The firmware is not accepted; and this is where I am stuck at.

I looked at the commit that added NWA90AX Pro support and did the same for my NWA90AX in target/linux/ramips/image/mt7621.mk - simply adding DEVICE_ALT0_VENDOR + DEVICE_ALT0_MODEL.
This let me select the NWA90AX in make menuconfig, but the firmware I compiled did yield the same upload error.

Do the Zyxel devices need a certain flag set to discover that the firmware is indeed for them, and not some other model in the same line?

2
3

The commit that added support for the NWA50AX contains a call to a script mkits-zyxel-fit.sh that defines compat-models.

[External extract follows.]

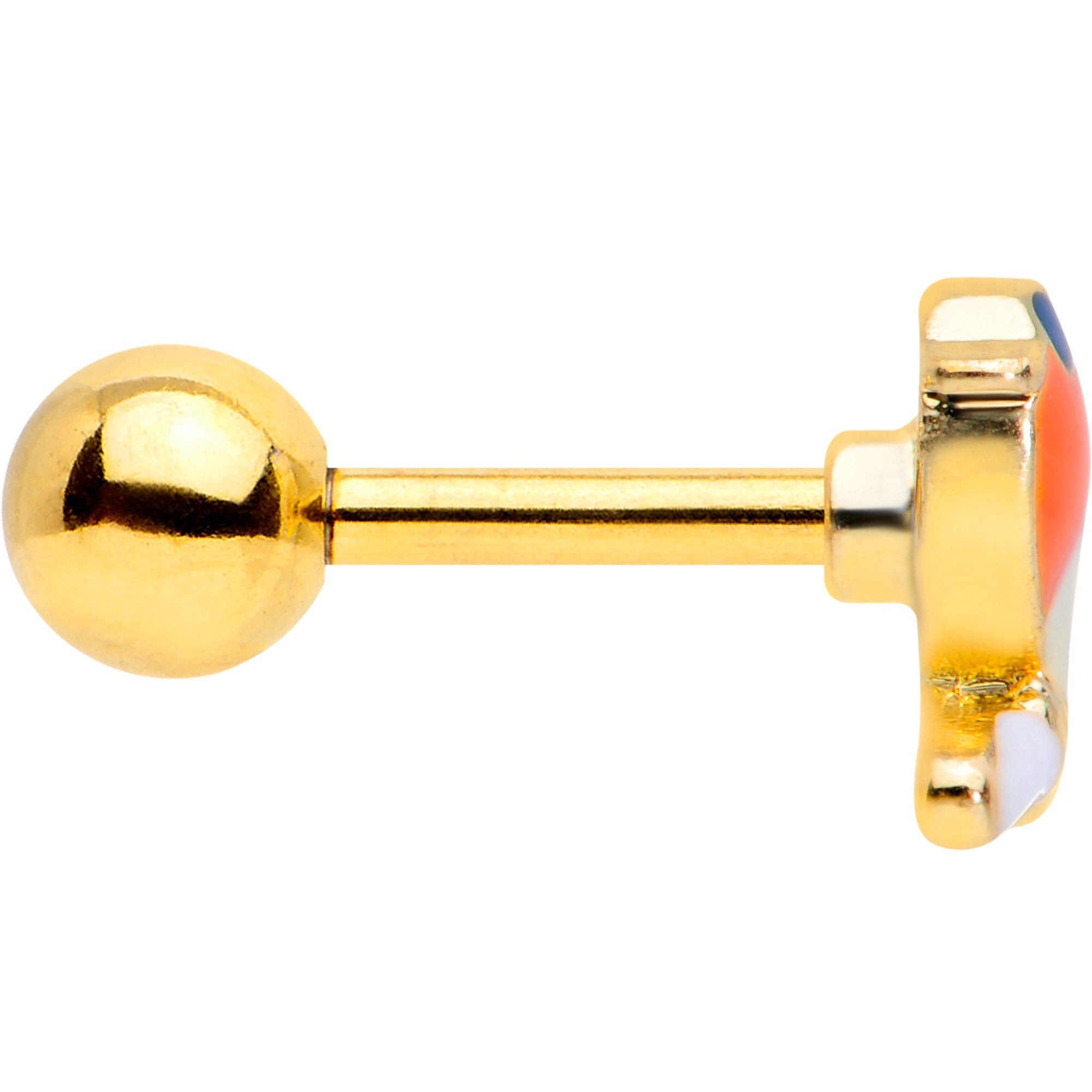 Let this beautiful bird pull up a perch in your cartilage piercing with this 16 gauge tragus stud! It's made with a 6mm gold tone PVD over 316L surgical grade stainless steel straight barbell with a 4mm ball end. The front features a gorgeous orange and white songbird charm with a green gem eye and matching green embellishment. Best of all, this little bird can perch in multiple piercings including helix, tragus, and some conch piercings. With such stunning details, this beautiful bird cartilage jewelry will make you want to burst into song!

It is called from mt7621.mk as follows:

define Build/zyxel-nwa-fit                  
        $(TOPDIR)/scripts/mkits-zyxel-fit.sh \
                $@.its $@ "6b e1 6f e1 ff ff ff ff ff ff"
        PATH=$(LINUX_DIR)/scripts/dtc:$(PATH) mkimage -f $@.its $@.new
        @mv $@.new $@
endef

There is no explanation for the structure of 6b e1 6f e1 ff ff ff ff ff ff, though.
It looks to me as if 2 models are in there - 6b and 6f, with e1 being a separator and the ff could be the end-of-data marker. But this compat-models key seems to be unique to the Zyxel DTS file; I've found no other mentions of this on the internet.

4

I could flash an official NWA50AX 7.10(ACCV.3)C0 firmware on my NWA90AX without any problems, so there does not seem to be a check for whitelisted devices taking place - and the problem must be elsewhere.

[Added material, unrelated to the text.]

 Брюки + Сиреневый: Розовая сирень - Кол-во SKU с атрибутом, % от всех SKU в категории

When viewing official and OpenWRT firmware files in a hex editor, something sticks out:
The end contains a checksum, and something that looks like what the hash/checksum is built with:

|...*firmware....|
|.........../none|
|........hash....|
|....... ...J..;.|
|..$T.J......c<{.|
|..51.6..........|
|.......;sha256..|
|................|
|....description.|
|compat-models.fw|
|_version.data.ty|
|pe.compression.a|
|lgo.timestamp.va|
|lue.............|

The OpenWrt builds have a something off:

|............firm|
|ware............|
|...3none........|
|hash@1..........|
|...N6..ta.C.@l..|
|.....;9.........|
|...?sha1........|
|................|
|description.comp|
|at-models.#addre|
|ss-cells.data.ty|
|pe.compression.a|
|lgo.timestamp.va|
|lue.............|

This #address-cells looks suspicious. Does it have to be there?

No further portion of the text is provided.